Reproduce, exactly and in full, the lines from the one with "Read moreMi ha" through the one with "площадь по СНБ" in the data below; drop pictures.
===== RECORDS FOR THIS TASK
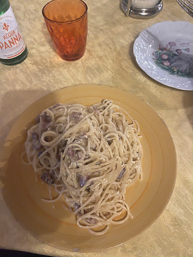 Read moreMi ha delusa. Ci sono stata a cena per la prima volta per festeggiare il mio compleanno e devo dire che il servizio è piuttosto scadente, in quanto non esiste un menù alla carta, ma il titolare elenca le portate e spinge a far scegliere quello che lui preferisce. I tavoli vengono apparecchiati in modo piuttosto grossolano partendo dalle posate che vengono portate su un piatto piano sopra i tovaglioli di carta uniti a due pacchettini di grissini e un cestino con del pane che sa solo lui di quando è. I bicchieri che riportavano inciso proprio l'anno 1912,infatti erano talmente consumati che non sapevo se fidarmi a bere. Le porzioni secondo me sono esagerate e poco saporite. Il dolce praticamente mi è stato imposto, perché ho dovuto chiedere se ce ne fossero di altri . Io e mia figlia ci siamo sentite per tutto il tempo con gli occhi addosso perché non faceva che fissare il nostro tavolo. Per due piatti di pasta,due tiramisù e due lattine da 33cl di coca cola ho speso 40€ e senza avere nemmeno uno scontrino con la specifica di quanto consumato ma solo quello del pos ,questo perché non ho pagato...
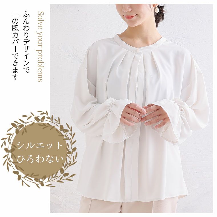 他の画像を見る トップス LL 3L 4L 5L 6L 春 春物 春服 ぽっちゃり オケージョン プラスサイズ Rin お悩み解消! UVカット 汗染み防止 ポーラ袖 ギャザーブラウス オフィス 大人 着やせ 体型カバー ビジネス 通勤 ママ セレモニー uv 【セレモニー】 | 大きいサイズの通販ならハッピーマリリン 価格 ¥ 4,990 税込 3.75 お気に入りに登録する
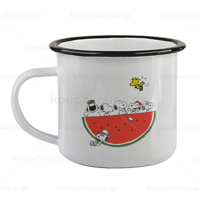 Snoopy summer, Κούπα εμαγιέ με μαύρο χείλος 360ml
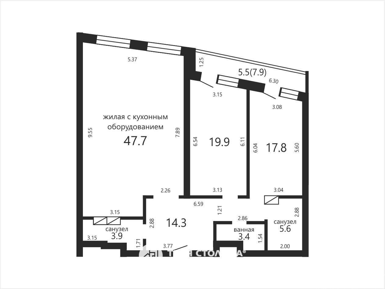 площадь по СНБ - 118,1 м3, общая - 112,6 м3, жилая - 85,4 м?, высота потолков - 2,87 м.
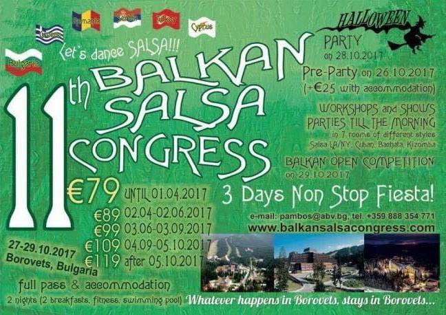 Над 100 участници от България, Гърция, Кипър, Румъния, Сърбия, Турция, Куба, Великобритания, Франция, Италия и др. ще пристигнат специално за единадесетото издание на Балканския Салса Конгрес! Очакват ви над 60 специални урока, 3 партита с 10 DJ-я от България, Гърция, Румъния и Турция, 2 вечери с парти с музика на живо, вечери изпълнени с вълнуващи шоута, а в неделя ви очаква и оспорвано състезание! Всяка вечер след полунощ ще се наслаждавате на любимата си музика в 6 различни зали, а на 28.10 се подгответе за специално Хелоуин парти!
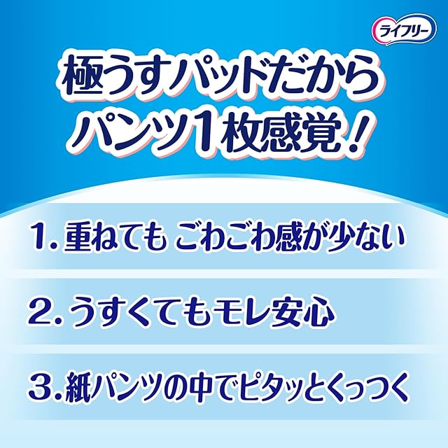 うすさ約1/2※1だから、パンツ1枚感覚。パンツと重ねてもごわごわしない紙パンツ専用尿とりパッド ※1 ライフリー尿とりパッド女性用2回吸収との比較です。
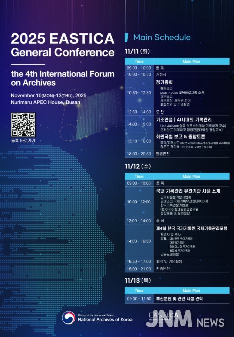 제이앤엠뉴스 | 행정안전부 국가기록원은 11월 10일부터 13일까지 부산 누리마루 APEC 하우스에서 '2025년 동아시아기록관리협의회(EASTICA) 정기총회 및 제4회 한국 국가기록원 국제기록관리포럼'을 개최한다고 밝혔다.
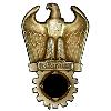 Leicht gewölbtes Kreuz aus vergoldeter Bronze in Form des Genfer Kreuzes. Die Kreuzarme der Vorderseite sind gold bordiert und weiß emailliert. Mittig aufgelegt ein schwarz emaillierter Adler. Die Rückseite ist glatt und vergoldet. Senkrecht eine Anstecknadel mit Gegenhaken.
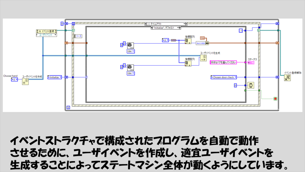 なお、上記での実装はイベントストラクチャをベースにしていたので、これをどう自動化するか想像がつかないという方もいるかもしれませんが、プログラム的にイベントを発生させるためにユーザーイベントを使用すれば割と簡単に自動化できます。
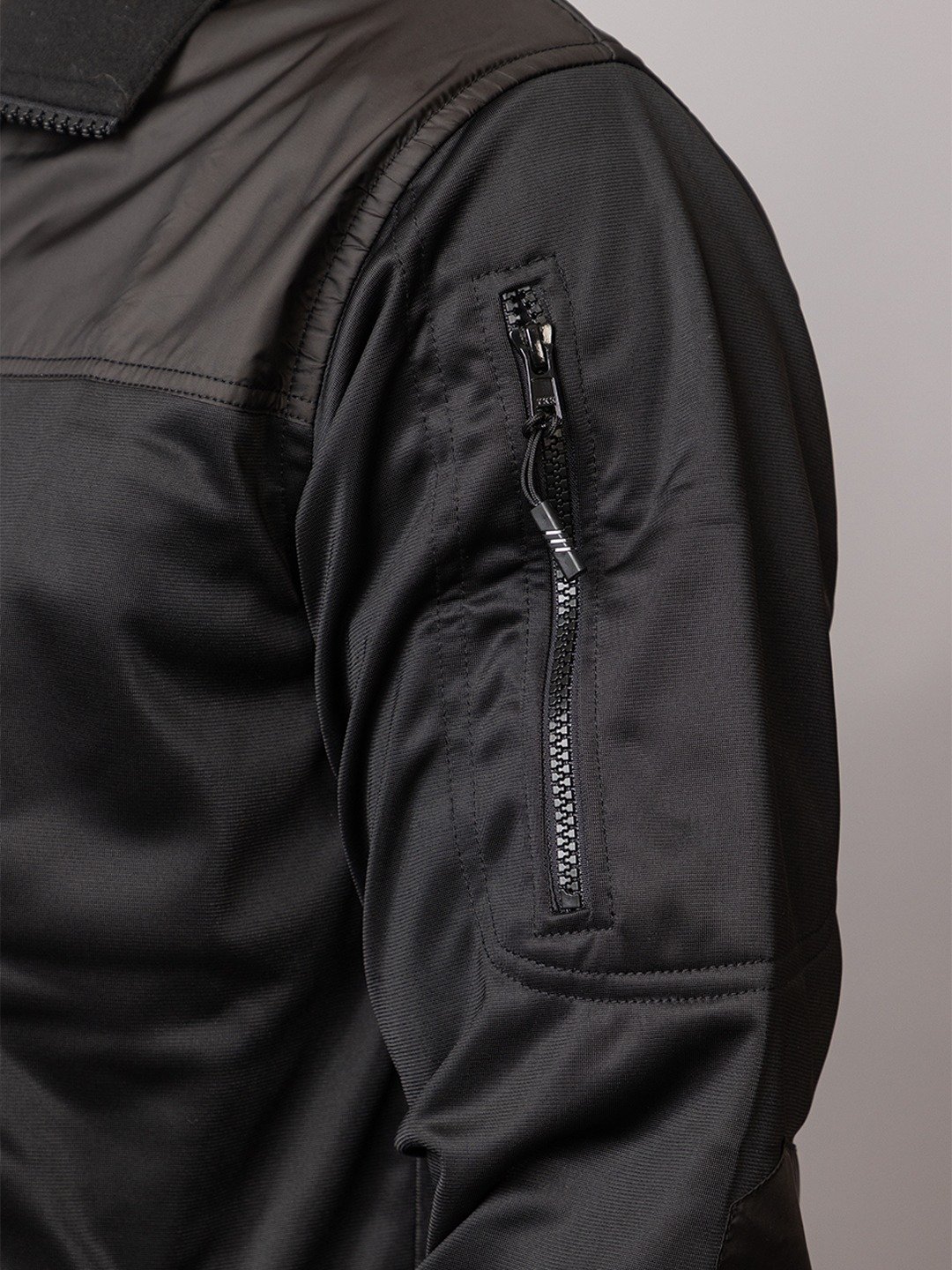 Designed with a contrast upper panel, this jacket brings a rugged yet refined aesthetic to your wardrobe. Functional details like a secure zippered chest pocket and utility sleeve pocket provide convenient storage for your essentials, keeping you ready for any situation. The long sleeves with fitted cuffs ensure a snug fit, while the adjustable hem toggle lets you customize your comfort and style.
==========
===== RECORDS FOR THIS TASK
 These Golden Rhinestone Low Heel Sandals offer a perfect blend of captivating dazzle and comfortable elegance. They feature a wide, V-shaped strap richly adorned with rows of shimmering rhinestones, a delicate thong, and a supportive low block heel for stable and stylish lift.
==========
===== RECORDS FOR THIS TASK
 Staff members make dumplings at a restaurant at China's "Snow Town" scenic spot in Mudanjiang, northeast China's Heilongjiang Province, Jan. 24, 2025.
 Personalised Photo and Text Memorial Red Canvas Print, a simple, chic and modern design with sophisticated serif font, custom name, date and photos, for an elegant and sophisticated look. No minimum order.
==========
» **FINISHED EXERCISE**
 Read moreMi ha delusa. Ci sono stata a cena per la prima volta per festeggiare il mio compleanno e devo dire che il servizio è piuttosto scadente, in quanto non esiste un menù alla carta, ma il titolare elenca le portate e spinge a far scegliere quello che lui preferisce. I tavoli vengono apparecchiati in modo piuttosto grossolano partendo dalle posate che vengono portate su un piatto piano sopra i tovaglioli di carta uniti a due pacchettini di grissini e un cestino con del pane che sa solo lui di quando è. I bicchieri che riportavano inciso proprio l'anno 1912,infatti erano talmente consumati che non sapevo se fidarmi a bere. Le porzioni secondo me sono esagerate e poco saporite. Il dolce praticamente mi è stato imposto, perché ho dovuto chiedere se ce ne fossero di altri . Io e mia figlia ci siamo sentite per tutto il tempo con gli occhi addosso perché non faceva che fissare il nostro tavolo. Per due piatti di pasta,due tiramisù e due lattine da 33cl di coca cola ho speso 40€ e senza avere nemmeno uno scontrino con la specifica di quanto consumato ma solo quello del pos ,questo perché non ho pagato...
 他の画像を見る トップス LL 3L 4L 5L 6L 春 春物 春服 ぽっちゃり オケージョン プラスサイズ Rin お悩み解消! UVカット 汗染み防止 ポーラ袖 ギャザーブラウス オフィス 大人 着やせ 体型カバー ビジネス 通勤 ママ セレモニー uv 【セレモニー】 | 大きいサイズの通販ならハッピーマリリン 価格 ¥ 4,990 税込 3.75 お気に入りに登録する
 Snoopy summer, Κούπα εμαγιέ με μαύρο χείλος 360ml
 площадь по СНБ - 118,1 м3, общая - 112,6 м3, жилая - 85,4 м?, высота потолков - 2,87 м.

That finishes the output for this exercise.